- _Assignment_: Omit all pictures and give the records below again exactly as written.

Data entries
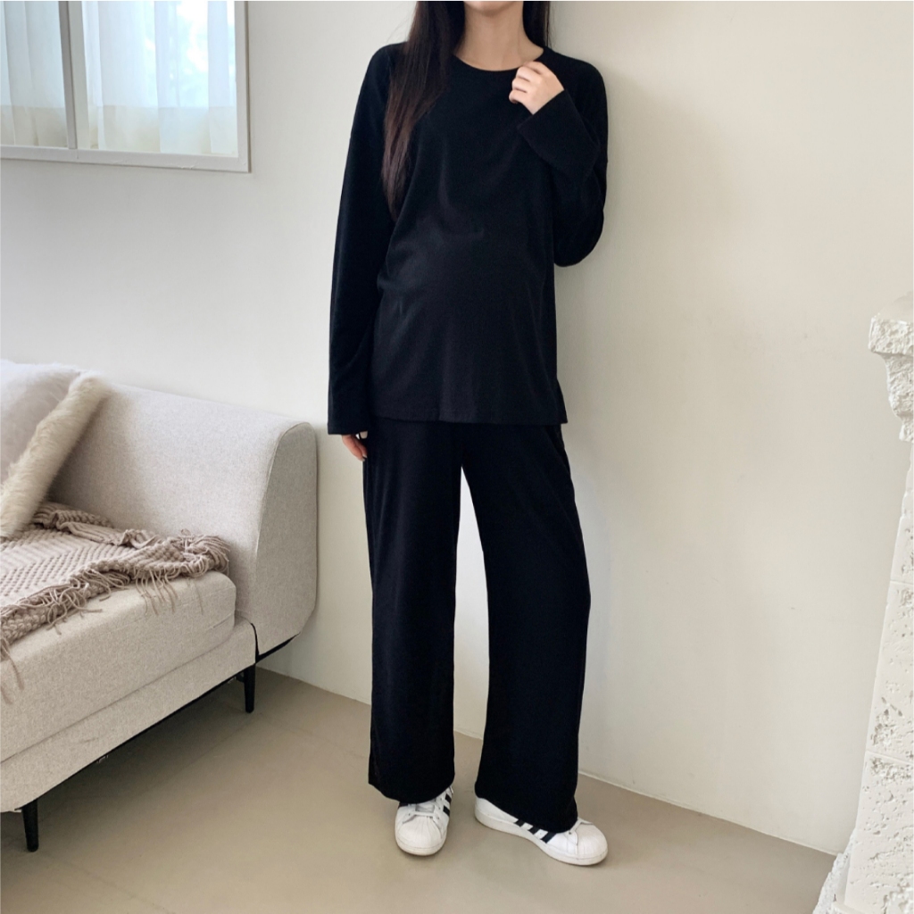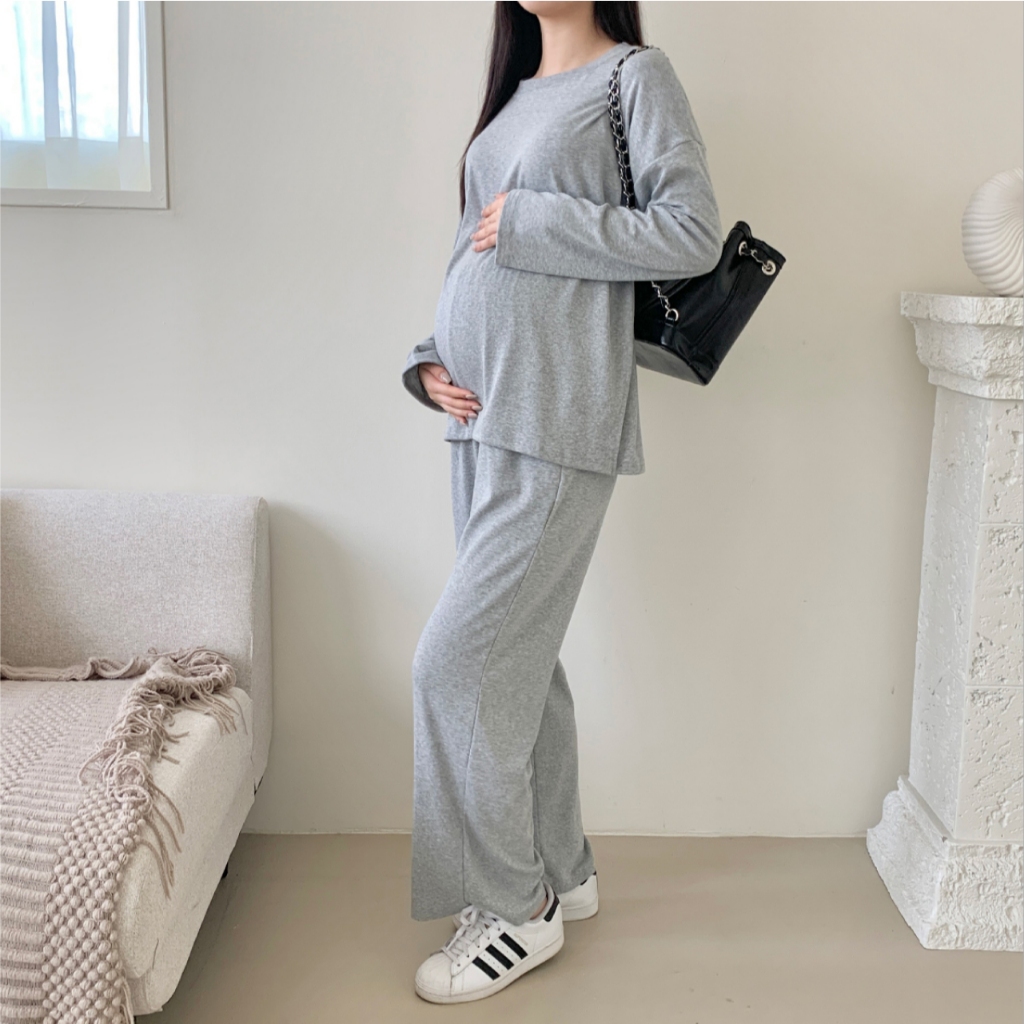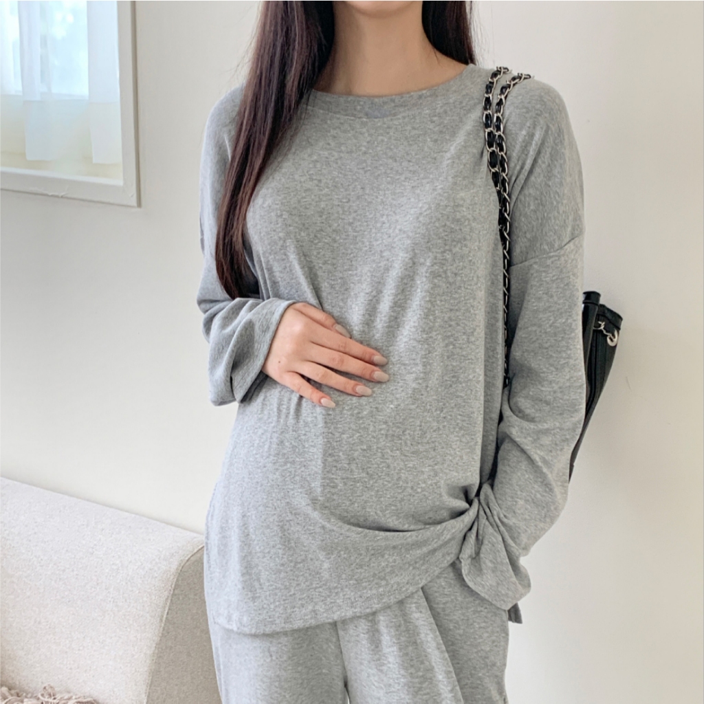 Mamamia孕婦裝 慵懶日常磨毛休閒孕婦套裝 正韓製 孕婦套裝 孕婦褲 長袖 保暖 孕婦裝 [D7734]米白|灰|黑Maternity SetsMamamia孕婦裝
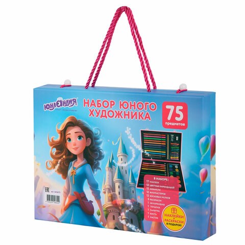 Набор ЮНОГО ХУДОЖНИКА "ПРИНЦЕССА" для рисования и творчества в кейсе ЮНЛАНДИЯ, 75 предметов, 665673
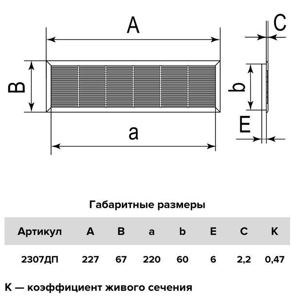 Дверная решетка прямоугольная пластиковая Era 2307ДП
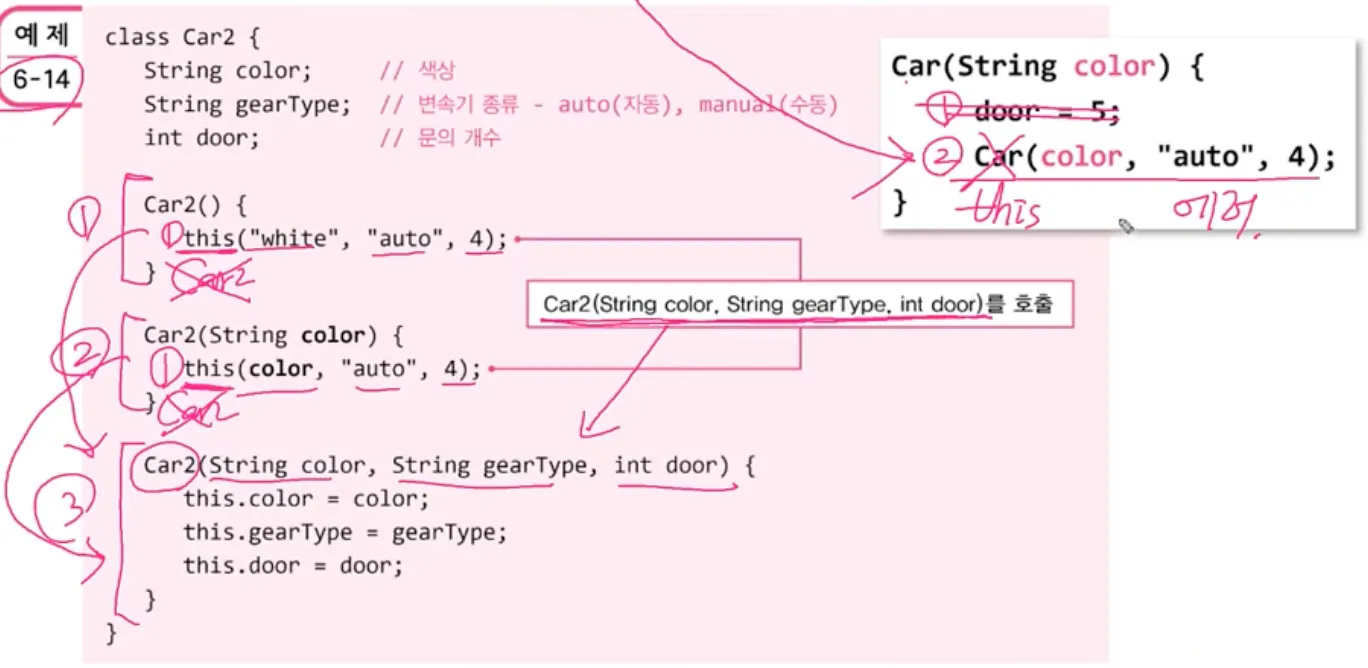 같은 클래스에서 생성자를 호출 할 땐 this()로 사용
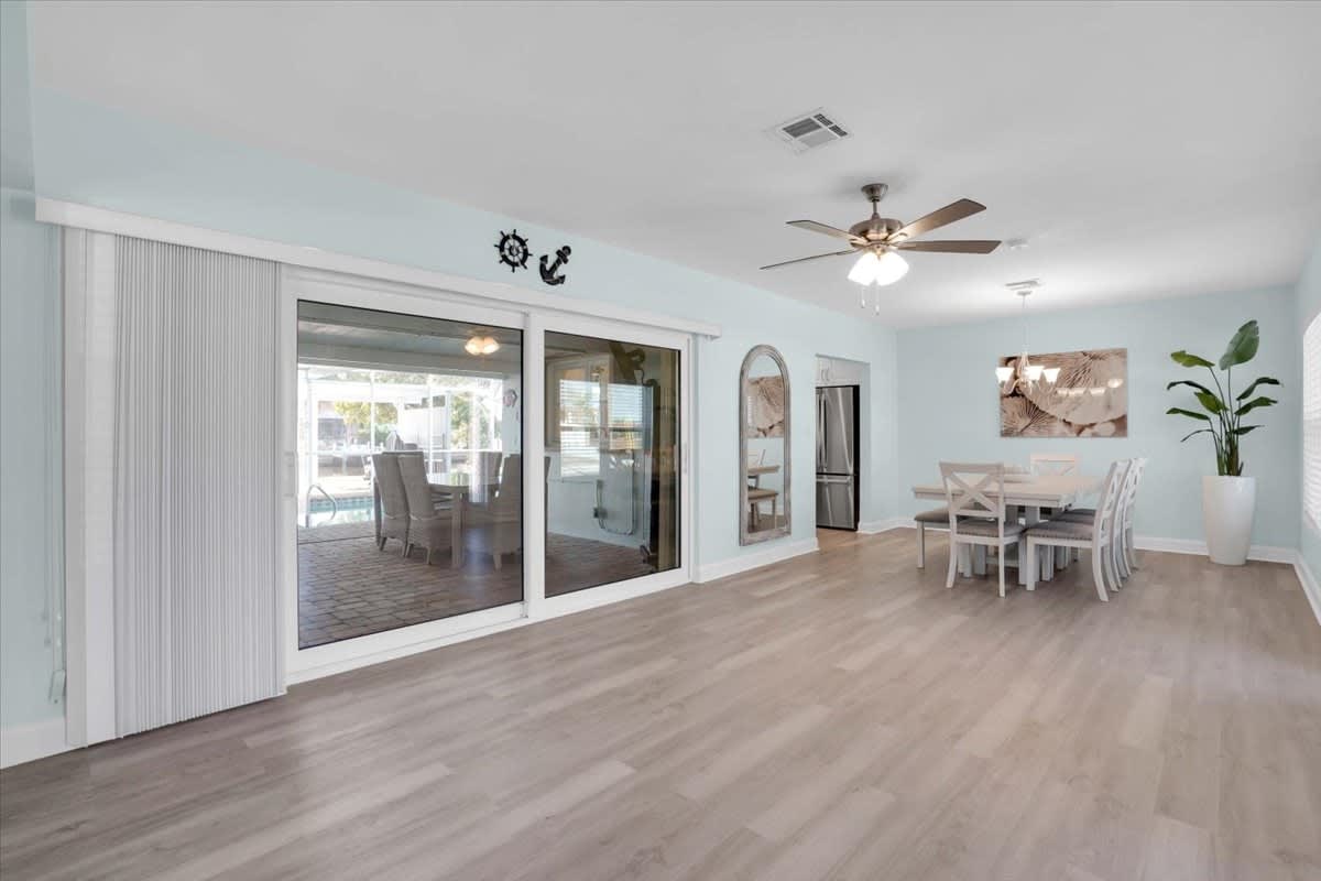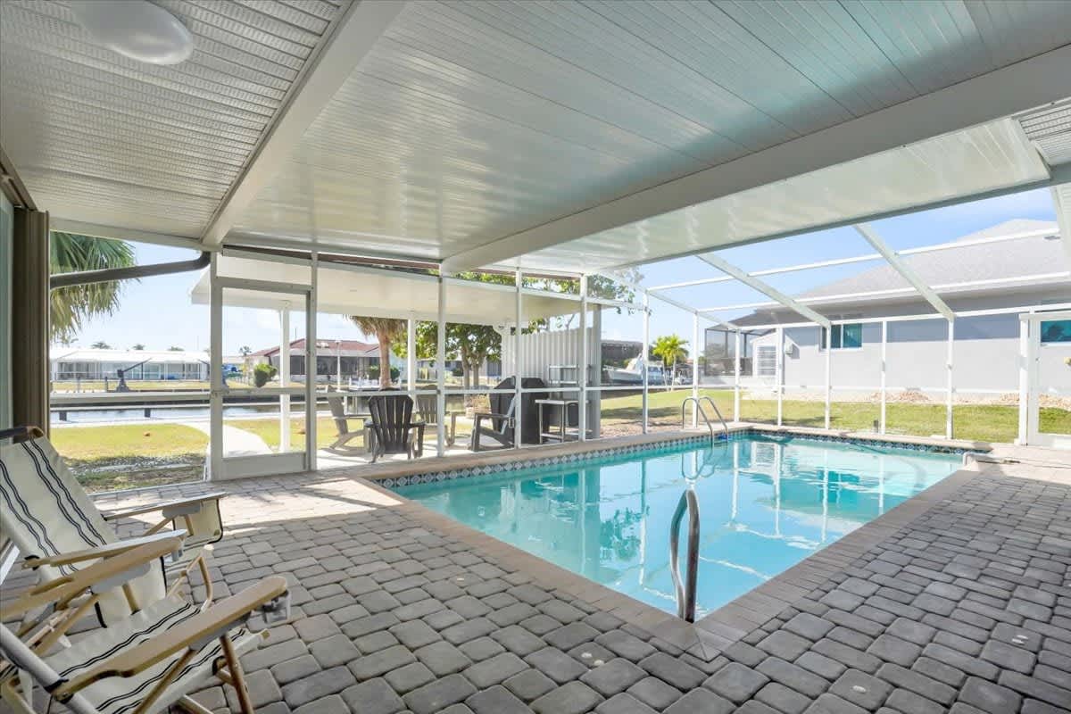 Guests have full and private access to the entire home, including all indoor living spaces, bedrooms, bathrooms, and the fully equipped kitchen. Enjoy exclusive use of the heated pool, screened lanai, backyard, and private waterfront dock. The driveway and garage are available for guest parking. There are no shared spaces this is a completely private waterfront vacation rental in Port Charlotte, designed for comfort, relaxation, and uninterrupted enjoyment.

- _Written response_:
 Mamamia孕婦裝 慵懶日常磨毛休閒孕婦套裝 正韓製 孕婦套裝 孕婦褲 長袖 保暖 孕婦裝 [D7734]米白|灰|黑Maternity SetsMamamia孕婦裝
 Набор ЮНОГО ХУДОЖНИКА "ПРИНЦЕССА" для рисования и творчества в кейсе ЮНЛАНДИЯ, 75 предметов, 665673
 Дверная решетка прямоугольная пластиковая Era 2307ДП
 같은 클래스에서 생성자를 호출 할 땐 this()로 사용
 Guests have full and private access to the entire home, including all indoor living spaces, bedrooms, bathrooms, and the fully equipped kitchen. Enjoy exclusive use of the heated pool, screened lanai, backyard, and private waterfront dock. The driveway and garage are available for guest parking. There are no shared spaces this is a completely private waterfront vacation rental in Port Charlotte, designed for comfort, relaxation, and uninterrupted enjoyment.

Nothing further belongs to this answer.